The PGA Tour announced it would not be punishing Vijay Singh for his admission of deer antler spray supplement use, despite the presence in it of a banned component known in the drugs trade as IGF-1. Singh admitted his "crime" in an article published in January.
Despite its presence on the banned list there is no satisfactory test for IGF-1 in routine blood testing. That should not matter since admission to the use of a prohibited substance is violation enough according to the regulations governing golf. A sanction was duly applied and appealed against by Singh.
The PGA tour finally ruled this week that Singh would not face a sanction following a ruling from the drugs agency Wada that makes clear the use of the spray is not prohibited unless a positive test results.
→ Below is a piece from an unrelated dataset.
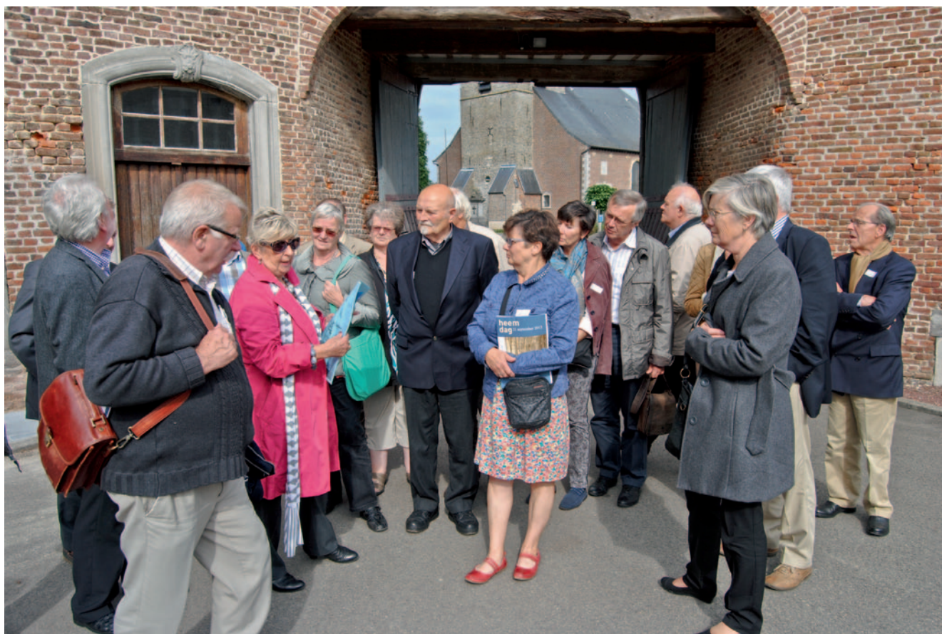
Beeld van de Heemdag van 21 september te Heers. Deze Heemdag, een ontmoetingsmoment voor Vlaamse heemkundigen, wordt jaarlijks georganiseerd door Heemkunde Vlaanderen.

Singh was sufficiently disturbed by proceedings to withdraw from the Wells Fargo Championship. Ian Poulter is another absentee, removing, notionally at least, another impediment to a McIlroy win this week.
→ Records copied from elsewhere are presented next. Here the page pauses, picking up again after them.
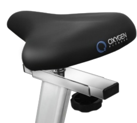
Сидение с гелиевым наполнителем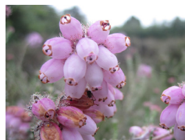
Bruyère à quatre angles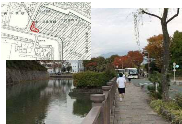
駿府城公園周辺ランナーの様子 (イメージ)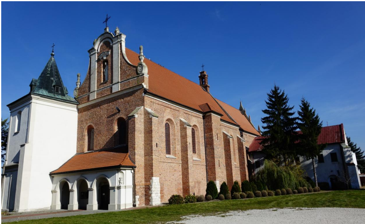
Zdjęcie 4. Kościół pw. św. Stanisława w Nowym Korczynie z widocznym skrzydłem poklasztornym przylegającym do prezbiterium kościoła.

Though mentioned in dispatches, none of the PGA Tour's chosen experts fancies the world No 2 to triumph. It has been a fallow season so far as a Nike ambassador, a few flashes of intuitive brilliance here and there, but not yet an assault on a title. But Quail Hollow is a course he likes, and where he won for the first time on American soil three years ago. McIlroy is a mood player. Troughs have been a feature of the landscape as he negotiated that treacherous stretch connecting boyhood, youth and manhood.
At the Masters last month McIlroy moved to within three of the lead on Saturday and was travelling nicely at one under for his round before Augusta pulled the rug from under him at the seventh, triggering a run of five dropped shots in as many holes. He was out earlier than he might have hoped on the Sunday and shot a tidy 69. If he brings anything like that consistency to his first event since the Masters, McIlroy has every chance of proving the know-it-alls wrong.
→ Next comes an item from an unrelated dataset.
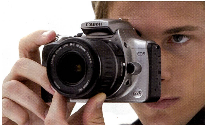
Die preisgünstige Canon EOS 300D ermöglicht den einfachen Einstieg in die Digitalfotografie.

Zum absoluten Kampfpfeis von nur Fr. 1698.- bringt Canon jetzt eine digitale Spiegelreflexkamera auf den Markt, die mit 6,3 Mpix. dem Amateurfotografen den Anschluss an die digitale Profiklasse erschliesst.

Another looking to the winning post is Lee Westwood, who topped the putting stats in Augusta. The flat stick is commonly regarded as Westwood's weakness. Not at the Masters, where he was one of only two not to three-putt. The other giant of the porcelain greens was the 14-year-old Guan Tianlang.
This is Westwood's first tournament as a 40-year-old. Since life is said to begin again at this juncture maybe this cycle will deliver the major he craves. A victory here, where he finished fifth last year, would be his first of the year and a significant signpost.